TASK STATEMENT: From start to finish, set down the entries below exactly, leaving out the pictures.

Data excerpts
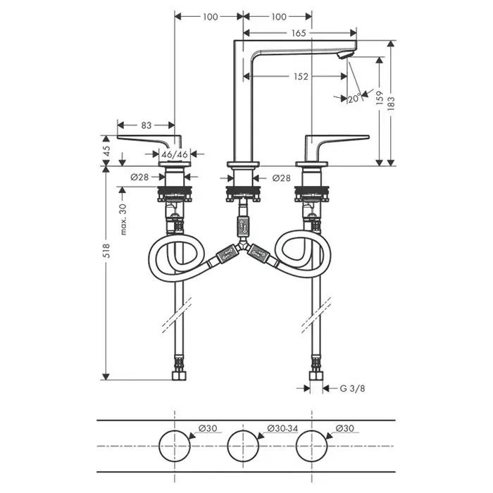 Hansgrohe Metropol Смеситель для раковины на 3 отверстия двухвентильный, цвет: хром 74515000
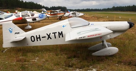 The 1981 PIK-21 Super-Sytky is a mid-wing monoplane Formula V racer, powered by a 53 hp VW-1600 engine. A Tavastia College student project of wooden construction, the two built, OH-XTM & OH-XMR, have a wing span of 5.3 m.
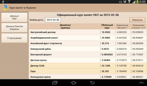 Данное приложение предоставляет информацию о курсе валют Национального банка Украины и украинских банков. Предоставляется информация о курсах как на текущий день, так и архивные данные.
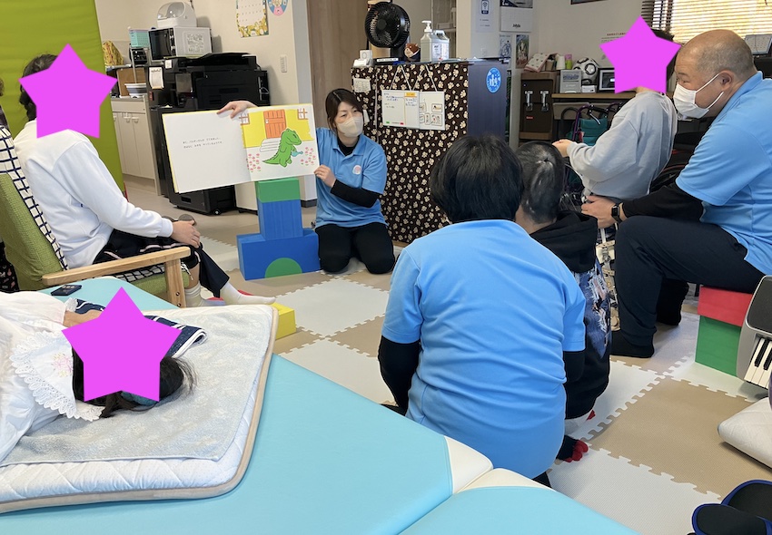 散歩をしてひと段落したところで、保育士による読み聞かせを行いました。「バルボンさんのおでかけ」という大判の絵本です。ウェルスマイルでは掛川市立図書館にお願いをして、絵本を毎月20冊程度借りています。毎月保育士が図書館に赴き、季節の絵本や皆で一緒に見ることの出来る大きな絵本を選定してくれます。
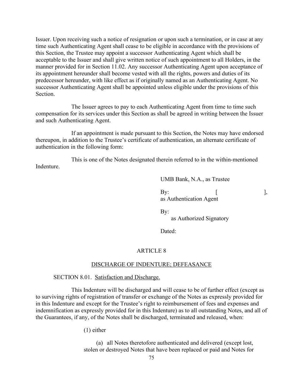75发行人。在收到该辞职通知或在该终止时,或在任何时候该认证代理人根据本条规定不再符合资格的情况下,受托人可委任一名发行人可接受的继任认证代理人,并须按第11.02条规定的方式向所有持有人发出该委任的书面通知。任何继任认证代理人在接受其在本协议项下的委任时,即被赋予其前任在本协议项下的所有权利、权力和义务,其效力如同最初被指定为认证代理人一样。除非符合本条规定的资格,否则不得指定继任认证代理人。发行人同意不时向各认证代理人支付发行人与该认证代理人书面约定的对其在本节项下服务的补偿。如果根据本节作出指定,除了受托人的认证证书外,票据可能已在其上签署了以下形式的替代认证证书:这是在所提及的义齿中提及的其中指定的票据之一。UMB Bank,N.A.作为受托人:[ ],作为认证代理人:作为授权签字人日期:第8条解除契约;DefeASANCE第8.01条。满意与出院。本契约将被解除且不再具有进一步效力(本契约明文规定的票据转让或交换登记的存续权利除外,以及本契约明文规定的受托人偿还费用和开支以及赔偿的权利除外),所有未偿还的票据,且票据的所有担保(如有)应解除、终止和解除,当:(1)任一(a)之前认证和交付的所有票据(遗失除外,已被替换或支付的被盗或销毁的票据和票据
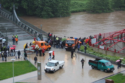 - 9.30 Uhr: Pölbitz, Wasserübertritt im Bereich „Neue Welt", Brückenstraße, Crossen Bereich Pappelkurve: Pegel steigt bedrohlich, Bevölkerung wird informiert
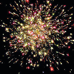 Букеты из трещащих огней. Сферы из золотых искристых форсов с цветными мерцающими огнями на концах.
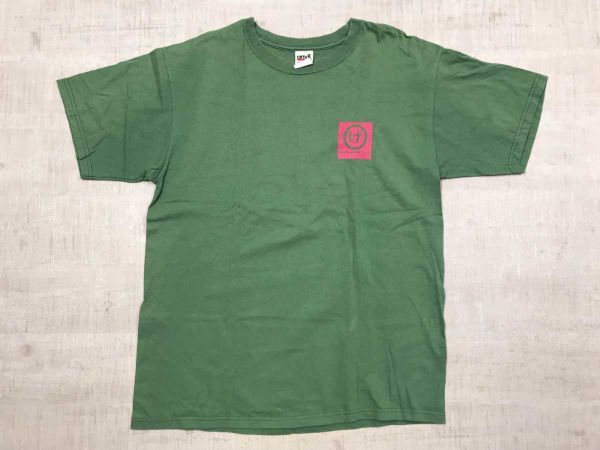 - レアカラー 葉山 湘南 げんべい ビーチサンダル アンビル anvil製 ロゴプリント 半袖Tシャツ メンズ コットン100% 両面プリント L 緑
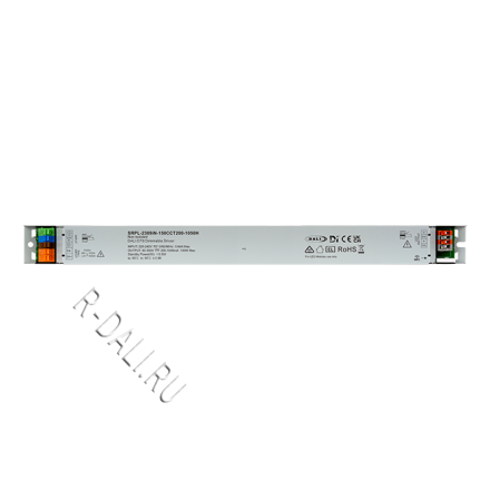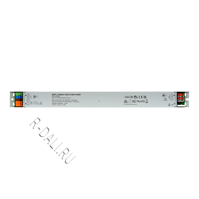 SRPL-2309iN-150CCT200-1050H  линейный диммируемый светодиодный драйвер мощностью 150 Вт в удлиненном металлическом корпусе, сертифицированный по стандарту D4i DT8. Это драйвер без изоляции безопасности (Non-SELV), требующий соблюдения дополнительных мер защиты при установке. Выполнен с двумя каналами постоянного выходного тока, регулируемого в диапазоне от 200 мА до 1050 мА, что обеспечивает совместимость со светодиодными светильниками, требующими различного тока. Рассчитан на входное напряжение 220-240 В перем. тока. Коэффициент мощности драйвера превышает 0.98, а КПД — более 90%. Обеспечивает плавное и глубокое диммирование до 0.1% без мерцания и акустического шума.
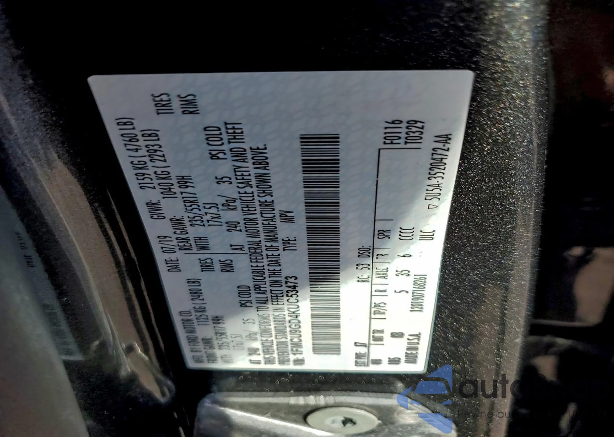 • VIN 1FMCU9GD4KUC53473
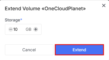 - In the new window, set the required volume size and click Extend
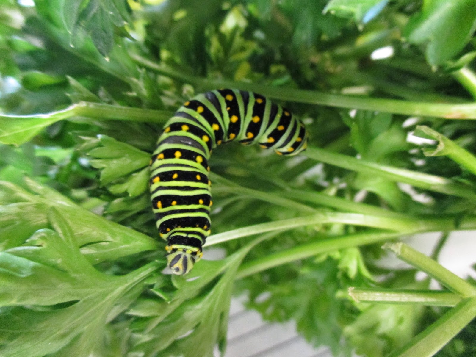 The grounds staff kept busy with a wide range of tasks today. Big John and Terry had duties involving running irrigation, watering, etc. but spent most of their time working on Holiday Lights Show (HLS) set-up. John and Terry were also a huge help with hauling back potted tropicals for storage (see directly below). Janice helped me with the Oakhill Christian volunteers and moved on to other duties in the afternoon. She is very adept at keeping everyone organized and on task! Cindy had tidying duties in many areas, watered the yard and spent the bulk of her time further tidying up the "Pollinator's Paradise" in the Nancy Yahr Memorial Children's Garden. She also found a cool swallowtail caterpillar doing some late season munching on parsley (Petroselinum crispum) in that garden (second photo down)! Pat M. spent all of his time on lights repair for the HLS. We ran out of carts for him to get out in the gardens much but he has the patience of a saint with these oftentimes tedious repairs! Further below are some recent plant images from our Autumn garden.
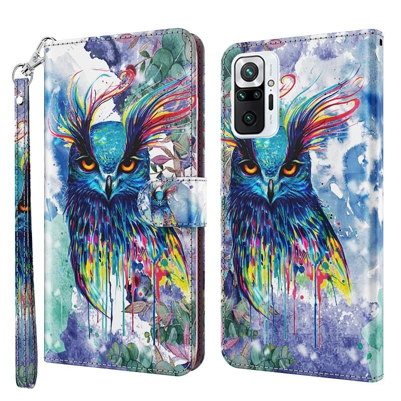 Θήκη τηλεφώνου για Xiaomi Redmi Note 10 Pro / 10 Pro Max, 3D ζωγραφική, μοτίβο TPU + Δερμάτινη PU (Ακουαρέλα Γούφου)
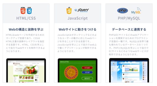 カリキュラムも基本的なHTML/CSSから、Webサイトに動きをつけるためのJavaScriptやJQuery、さらにはデータベース部分のPHP/MySQLまで学ぶことができます。
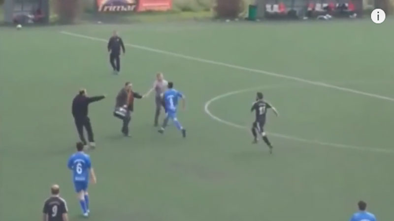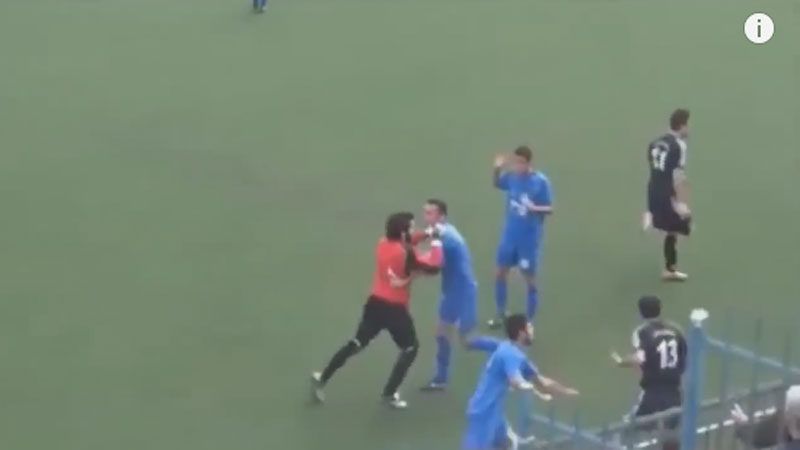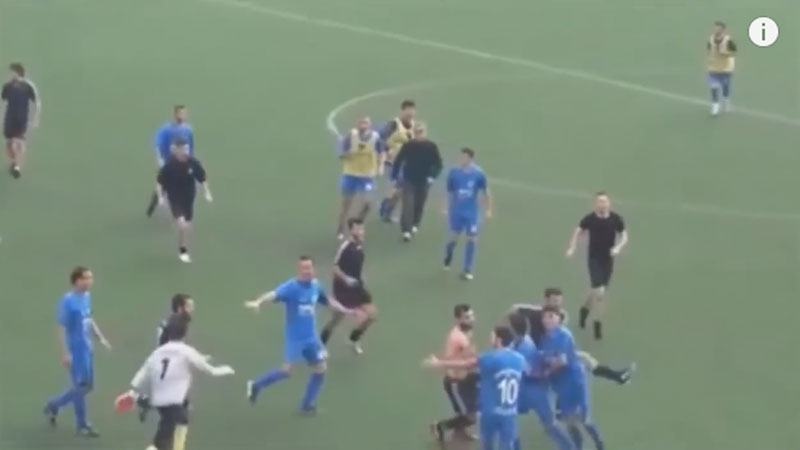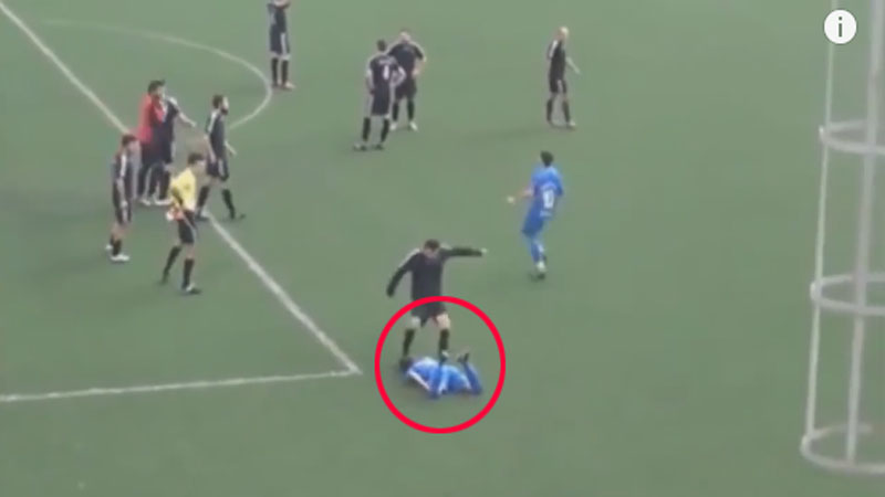 폭력은 여기서 끝나지 않았다. 경기장에 엎드려 있는 선수를 또 다른 선수가 킥으로 얼굴을 걷어찬다. 피해 팀 동료 선수들이 이에 격분해 달려들자 패싸움이 시작된다. 축구장은 어느새 서로 발차기를 해대는 난장판으로 변한다.

WRITTEN SOLUTION:
 Hansgrohe Metropol Смеситель для раковины на 3 отверстия двухвентильный, цвет: хром 74515000
 The 1981 PIK-21 Super-Sytky is a mid-wing monoplane Formula V racer, powered by a 53 hp VW-1600 engine. A Tavastia College student project of wooden construction, the two built, OH-XTM & OH-XMR, have a wing span of 5.3 m.
 Данное приложение предоставляет информацию о курсе валют Национального банка Украины и украинских банков. Предоставляется информация о курсах как на текущий день, так и архивные данные.
 散歩をしてひと段落したところで、保育士による読み聞かせを行いました。「バルボンさんのおでかけ」という大判の絵本です。ウェルスマイルでは掛川市立図書館にお願いをして、絵本を毎月20冊程度借りています。毎月保育士が図書館に赴き、季節の絵本や皆で一緒に見ることの出来る大きな絵本を選定してくれます。
75发行人。在收到该辞职通知或在该终止时,或在任何时候该认证代理人根据本条规定不再符合资格的情况下,受托人可委任一名发行人可接受的继任认证代理人,并须按第11.02条规定的方式向所有持有人发出该委任的书面通知。任何继任认证代理人在接受其在本协议项下的委任时,即被赋予其前任在本协议项下的所有权利、权力和义务,其效力如同最初被指定为认证代理人一样。除非符合本条规定的资格,否则不得指定继任认证代理人。发行人同意不时向各认证代理人支付发行人与该认证代理人书面约定的对其在本节项下服务的补偿。如果根据本节作出指定,除了受托人的认证证书外,票据可能已在其上签署了以下形式的替代认证证书:这是在所提及的义齿中提及的其中指定的票据之一。UMB Bank,N.A.作为受托人:[ ],作为认证代理人:作为授权签字人日期:第8条解除契约;DefeASANCE第8.01条。满意与出院。本契约将被解除且不再具有进一步效力(本契约明文规定的票据转让或交换登记的存续权利除外,以及本契约明文规定的受托人偿还费用和开支以及赔偿的权利除外),所有未偿还的票据,且票据的所有担保(如有)应解除、终止和解除,当:(1)任一(a)之前认证和交付的所有票据(遗失除外,已被替换或支付的被盗或销毁的票据和票据
 - 9.30 Uhr: Pölbitz, Wasserübertritt im Bereich „Neue Welt", Brückenstraße, Crossen Bereich Pappelkurve: Pegel steigt bedrohlich, Bevölkerung wird informiert
 Букеты из трещащих огней. Сферы из золотых искристых форсов с цветными мерцающими огнями на концах.
 - レアカラー 葉山 湘南 げんべい ビーチサンダル アンビル anvil製 ロゴプリント 半袖Tシャツ メンズ コットン100% 両面プリント L 緑
 SRPL-2309iN-150CCT200-1050H  линейный диммируемый светодиодный драйвер мощностью 150 Вт в удлиненном металлическом корпусе, сертифицированный по стандарту D4i DT8. Это драйвер без изоляции безопасности (Non-SELV), требующий соблюдения дополнительных мер защиты при установке. Выполнен с двумя каналами постоянного выходного тока, регулируемого в диапазоне от 200 мА до 1050 мА, что обеспечивает совместимость со светодиодными светильниками, требующими различного тока. Рассчитан на входное напряжение 220-240 В перем. тока. Коэффициент мощности драйвера превышает 0.98, а КПД — более 90%. Обеспечивает плавное и глубокое диммирование до 0.1% без мерцания и акустического шума.
 • VIN 1FMCU9GD4KUC53473
 - In the new window, set the required volume size and click Extend
 The grounds staff kept busy with a wide range of tasks today. Big John and Terry had duties involving running irrigation, watering, etc. but spent most of their time working on Holiday Lights Show (HLS) set-up. John and Terry were also a huge help with hauling back potted tropicals for storage (see directly below). Janice helped me with the Oakhill Christian volunteers and moved on to other duties in the afternoon. She is very adept at keeping everyone organized and on task! Cindy had tidying duties in many areas, watered the yard and spent the bulk of her time further tidying up the "Pollinator's Paradise" in the Nancy Yahr Memorial Children's Garden. She also found a cool swallowtail caterpillar doing some late season munching on parsley (Petroselinum crispum) in that garden (second photo down)! Pat M. spent all of his time on lights repair for the HLS. We ran out of carts for him to get out in the gardens much but he has the patience of a saint with these oftentimes tedious repairs! Further below are some recent plant images from our Autumn garden.
 Θήκη τηλεφώνου για Xiaomi Redmi Note 10 Pro / 10 Pro Max, 3D ζωγραφική, μοτίβο TPU + Δερμάτινη PU (Ακουαρέλα Γούφου)
 カリキュラムも基本的なHTML/CSSから、Webサイトに動きをつけるためのJavaScriptやJQuery、さらにはデータベース部分のPHP/MySQLまで学ぶことができます。
 폭력은 여기서 끝나지 않았다. 경기장에 엎드려 있는 선수를 또 다른 선수가 킥으로 얼굴을 걷어찬다. 피해 팀 동료 선수들이 이에 격분해 달려들자 패싸움이 시작된다. 축구장은 어느새 서로 발차기를 해대는 난장판으로 변한다.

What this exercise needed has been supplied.